According to court transcripts:

"Mr. Quinn’s decision set in motion a chain of events that led directly to the reversal of Plaintiff’s convictions and these lawsuits, but the decision was not based on the discovery of any new evidence exonerating Hood . . . , such as DNA or eyewitness testimony excluding [him] from the crime—that evidence does not exist. Rather, it was the product of an intense media campaign by Hood’s attorneys involving local and international celebrities, NBC Chicago, Peacock Productions, the Chicago Tribune, and the New Yorker Magazine."

Not only is the media’s role in advocating for these exonerations suspicious, so too is their silence, for no media outlet has reported on the fact that Foxx’s key prosecutors are being subpoenaed for deposition, nor have they reported on the fact that a former governor has been subpoenaed on another case.

If the media did cover the cases, they would be forced to ask challenging questions: Why is Foxx’s administration fighting the subpoena issued to Sussman? If Foxx stands by her administration in these exonerations, weeks before an election, why would she demur from having her underlings testify about them? To this point, the same goes for former governor Pat Quinn:  Why is Quinn fighting a deposition in which he would explain the reasons he concluded Hood is innocent? If either Foxx’s prosecutors or Quinn truly believed they had exonerated innocent men, wouldn’t they be bragging about their commitment to justice?

The silence of the Chicago Tribune in the face of the latest accusations by defense attorneys is particularly deafening. The detectives in both the rape and murder of Ms. Bridgeman and the Tyrone Hood case have been in the crosshairs of the paper for almost two decades, yet each week another court proceeding points to the detectives being falsely accused in one case after another.

The motion in the Coleman-Fulton case Friday citing media pressure puts yet another spotlight on Chicago Tribune columnist Eric Zorn, who is among the most vocal advocate for exonerations.
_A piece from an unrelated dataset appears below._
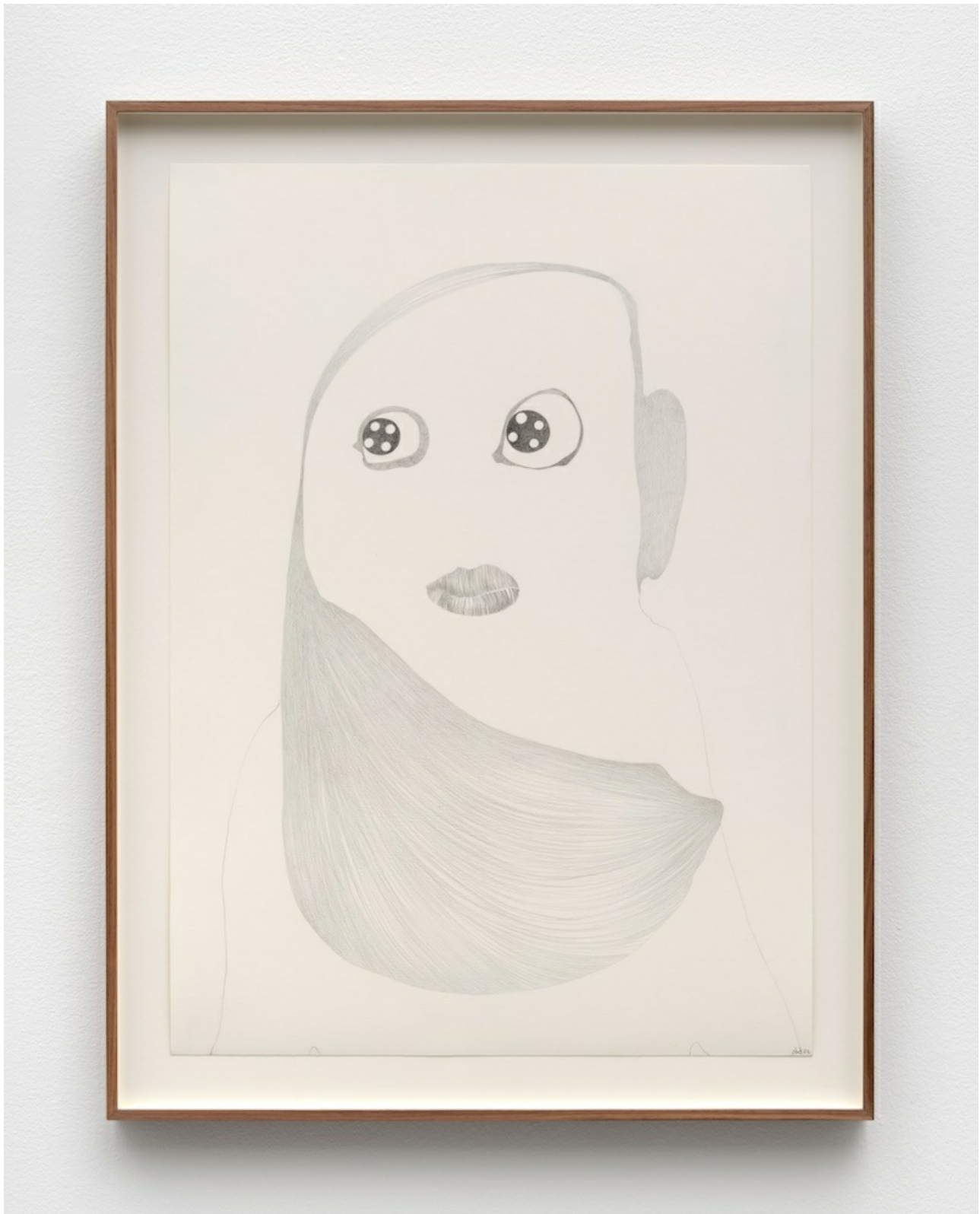
Nicola Tyson, Haircare , 2022, graphite on paper, 28 1/2 x 21 1/2 x 1 1/2 in (framed), 72.2 x 54.5 x 3.8 cm (framed),

Can you talk a bit about your exhibition space in New York in the '90s, Trial Balloon ? I'm curious how that came about and what it was like running that space.

Claiming in a 2017 column there was “overwhelming” evidence that Coleman and Fulton were innocent, Zorn virtually demanded Foxx release the men from prison:

"Yet you’re [Foxx] allowing Nevest Coleman and Darryl Fulton to continue to rot in prison in the face of overwhelming new evidence that they are innocent of a 1994 rape and murder in the Englewood neighborhood."

Apparently, city attorneys are alleging, prosecutors Sussman and Rotert didn’t get Zorn’s memo about “overwhelming” evidence. According to city attorneys, they still doubted the innocence of the men, even with the new evidence of the DNA.

By now the record of suspicious exoneration claims by Zorn is ominous, going back to Zorn’s earliest years as a columnist. Zorn, for example, wrote many columns claiming that Anthony Porter was innocent of a 1982 double murder, yet to this day he has not even interviewed the investigating detectives. The motion by city attorney adds to a growing body of allegations that the exoneration of convicted killers and rapists have moved out of the courtroom and the rules of evidence into a bizarre, dangerous world of media manipulation and activism, with police officers caught in the crossfire.

As the defense motion Friday suggests, that media manipulation includes a powerful influence over the decision making of elected officials.

The public, and the police in particular, deserve an explanation from prosecutors in both the cases concerning Tyrone Hood and Nevest Coleman and Darryl Fulton, and the media should be covering the attempts by attorneys to obtain them, as well as the allegations.  

Note: Eric Zorn did not respond to e-mails from the Contrarian asking for comment about Friday’s motion.